Where to put Postgres json_each?

2016-09-07

Postgres has several “set-returning” functions that essentially return more than one row. Probably the most well-known is generate_series, used to get a list of numbers/dates/etc. Another very handy one is json_each. You can use it to break up a JSON object into one row for each key/value pair. But that one always trips me up, because unlike generate_series it (1) returns more than one column per row and (2) usually takes a column as input.

Suppose you have a users table with a preferences column, like so:

t=# select * from users;
 id |                        preferences                         
----+------------------------------------------------------------
  1 | {"lang": "en", "time_zone": "America/Los_Angeles"}
  2 | {"lang": "es", "time_zone": "America/Cayman", "volume": 5}

If you do this you get tuples:

t=# select json_each(preferences) from users;
               json_each               

 (lang,"""en""")
 (time_zone,"""America/Los_Angeles""")
 (lang,"""es""")
 (time_zone,"""America/Cayman""")
 (volume,5)

It would be nicer to get separate key and value columns.
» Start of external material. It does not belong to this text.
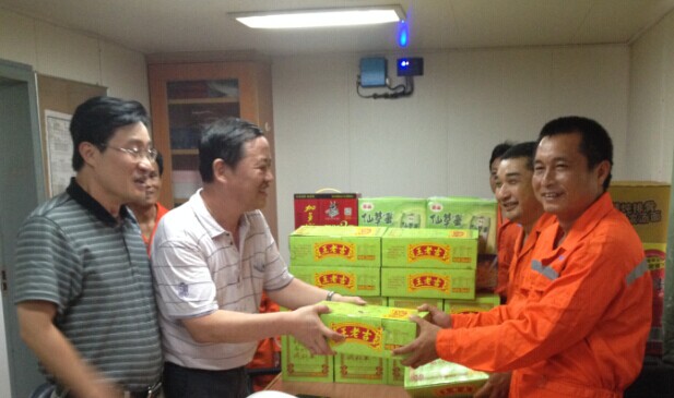 同日,張猛在五公司黨委負(fù)責(zé)人陪同下,到五公司福州地鐵項目籌備組和可門項目指導(dǎo)慰問,聽取了項目部工作推進(jìn)及工會建設(shè)等情況的匯報,考察了項目現(xiàn)場,對兩項目有關(guān)工作提出了指導(dǎo)要求。在可門項目,張猛代表四航局工會向一線工人和“四航廣州號”船員送去了清涼飲料。

That works great if json_each appears in the FROM clause:

t=# select * from json_each('{"lang": "en", "time_zone": "America/Los_Angeles"}');
    key    |         value         
-----------+-----------------------
 lang      | "en"
 time_zone | "America/Los_Angeles"

But if you replace the literal with a column, it breaks:

t=# select key, value from json_each(users.preferences);
ERROR:  missing FROM-clause entry for table "users"
LINE 1: select key, value from json_each(users.preferences);

This doesn’t work either:

t=# select key, value from (select json_each(preferences) from users) x(key, value);
ERROR:  table "x" has 1 columns available but 2 columns specified

So what to do? Well here is something that works, although I find it hard to remember:

t=# select id, (json_each(preferences)).* from users;
 id |    key    |         value         
----+-----------+-----------------------
  1 | lang      | "en"
  1 | time_zone | "America/Los_Angeles"
  2 | lang      | "es"
  2 | time_zone | "America/Cayman"
  2 | volume    | 5

Basically you are decomposing the tuple. You can pick your columns too:

t=# select id, (json_each(preferences)).key, (json_each(preferences)).value from users;
 id |    key    |         value         
----+-----------+-----------------------
  1 | lang      | "en"
  1 | time_zone | "America/Los_Angeles"
  2 | lang      | "es"
  2 | time_zone | "America/Cayman"
  2 | volume    | 5

Possibly nicer is this trick about set-returning functions allowing an implicit lateral join:

t=# select id, key, value from users, json_each(preferences);
 id |    key    |         value         
----+-----------+-----------------------
  1 | lang      | "en"
  1 | time_zone | "America/Los_Angeles"
  2 | lang      | "es"
  2 | time_zone | "America/Cayman"
  2 | volume    | 5
(5 rows)

So if you’re struggling to use json_each with a non-literal input, there you go!